(Beginning of MATERIAL PROVIDED)
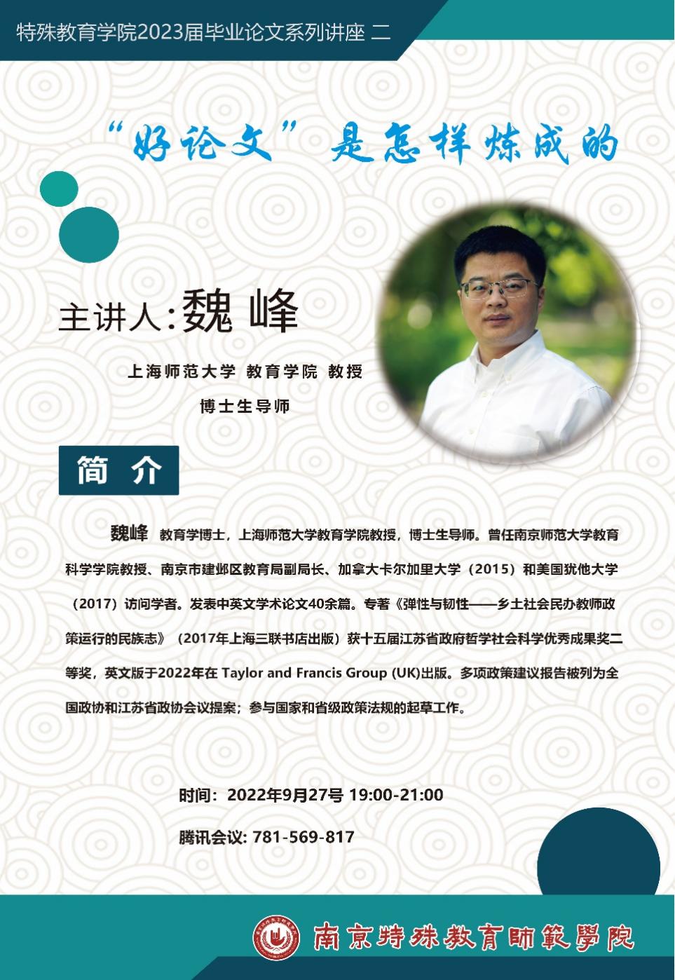 9月27日晚,特殊教育学院2023届毕业论文系列讲座继续通过腾讯会议线上举办,讲座以《“好论文”是怎样炼成的》为主题,由上海师范大学教育学院博士生导师魏峰教授主讲。特殊教育学院2023届毕业生及部分学院教师参与讲座活动,讲座由特殊教育学院院长助理慕雯雯主持。
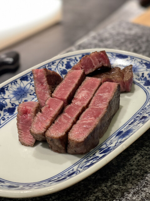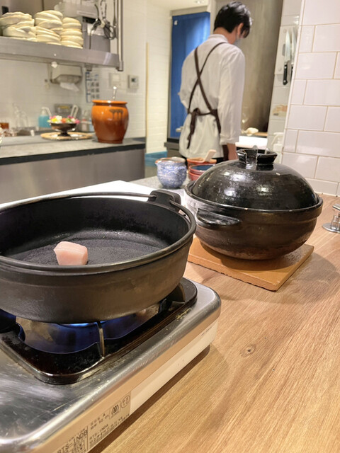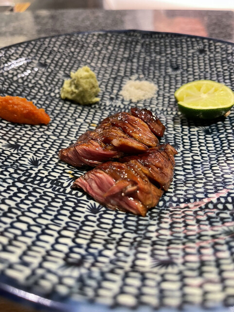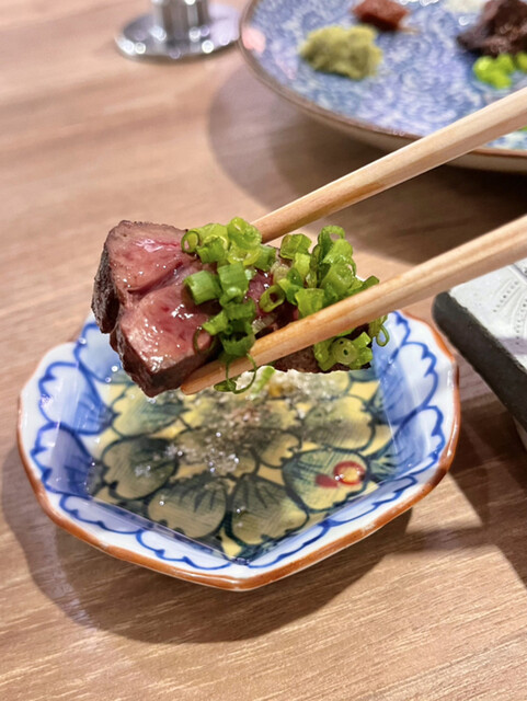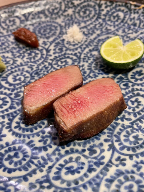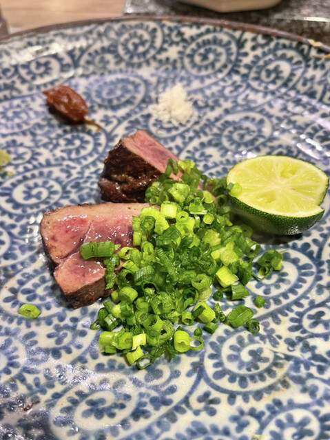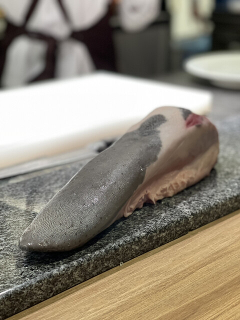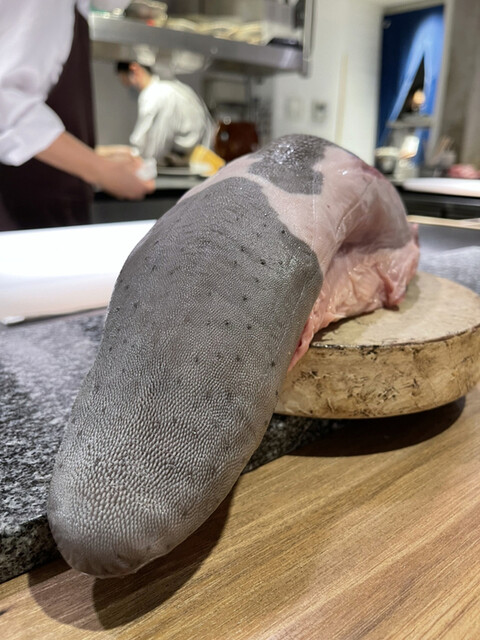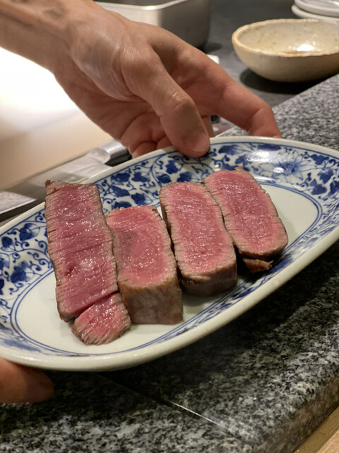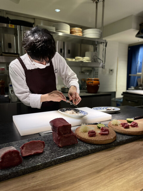 弱気の私に、タレとか薬味と楽しめるようにと、1切れを更にカットしれくれる優しき明石シェフ。
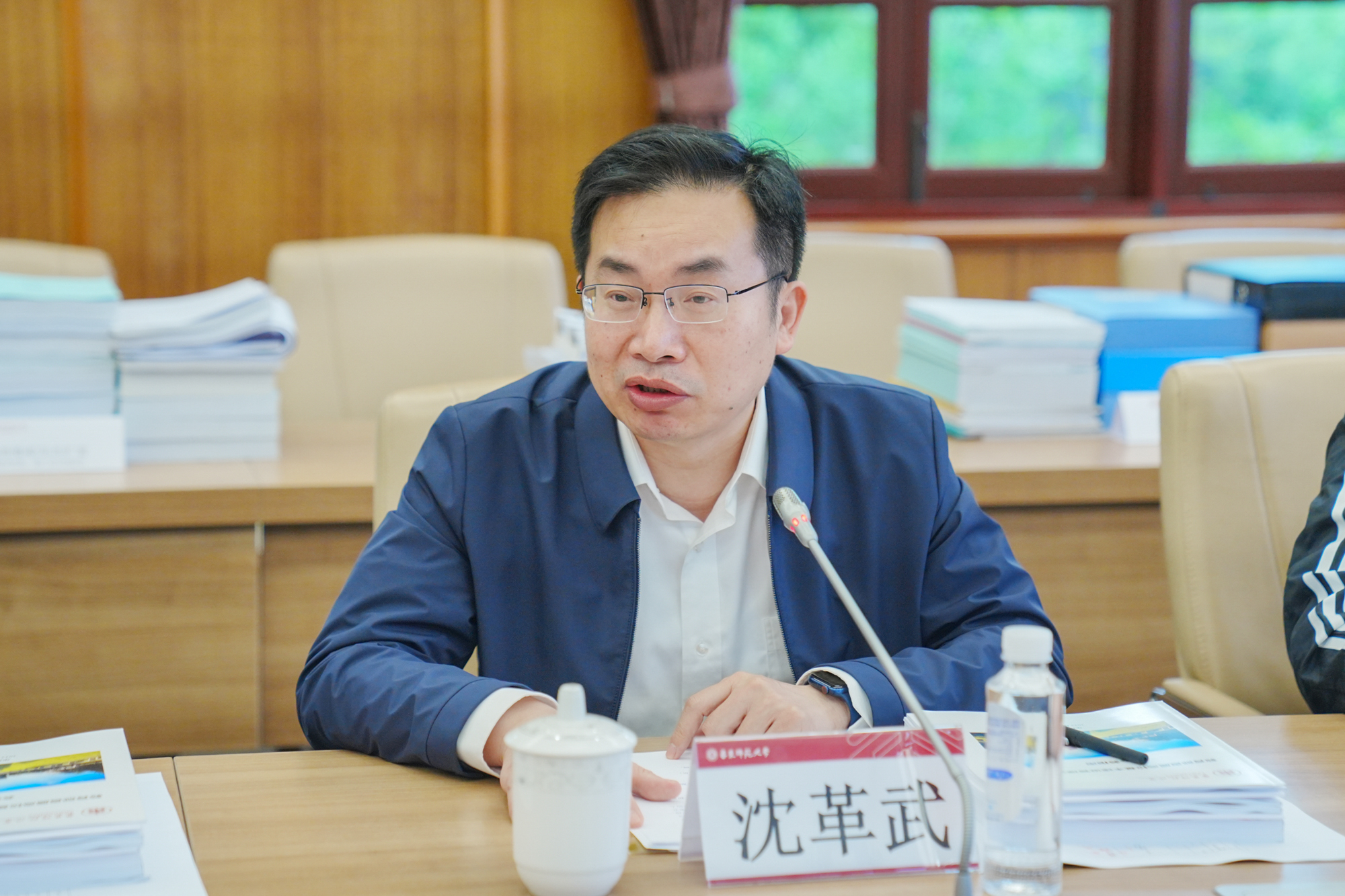 调研组副组长、武汉理工大学副校长沈革武主持座谈会
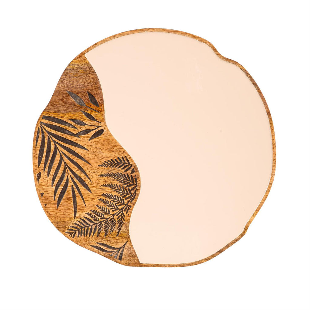 Elevate your dining experience with this 13-inch Wooden Enamel and Laser Etched Serving Board. Crafted from high-quality wood, this board showcases a unique blend of natural wood grain and smooth enamel finish. The laser-etched botanical design adds a touch of elegance, making it perfect for serving cheese, charcuterie, or appetizers. Its generous size and flat surface ensure ample space for your culinary creations. Ideal for both casual gatherings and formal occasions, this serving board is a stylish addition to any kitchen.
(End of MATERIAL PROVIDED)
DESCRIPTION OF THE TASK.
Without the pictures, return the listing above from its first line through the line that has "调研组副组长、武汉理工大学副校长沈革武主持座谈会".

REPLY.
 9月27日晚,特殊教育学院2023届毕业论文系列讲座继续通过腾讯会议线上举办,讲座以《“好论文”是怎样炼成的》为主题,由上海师范大学教育学院博士生导师魏峰教授主讲。特殊教育学院2023届毕业生及部分学院教师参与讲座活动,讲座由特殊教育学院院长助理慕雯雯主持。
 弱気の私に、タレとか薬味と楽しめるようにと、1切れを更にカットしれくれる優しき明石シェフ。
 调研组副组长、武汉理工大学副校长沈革武主持座谈会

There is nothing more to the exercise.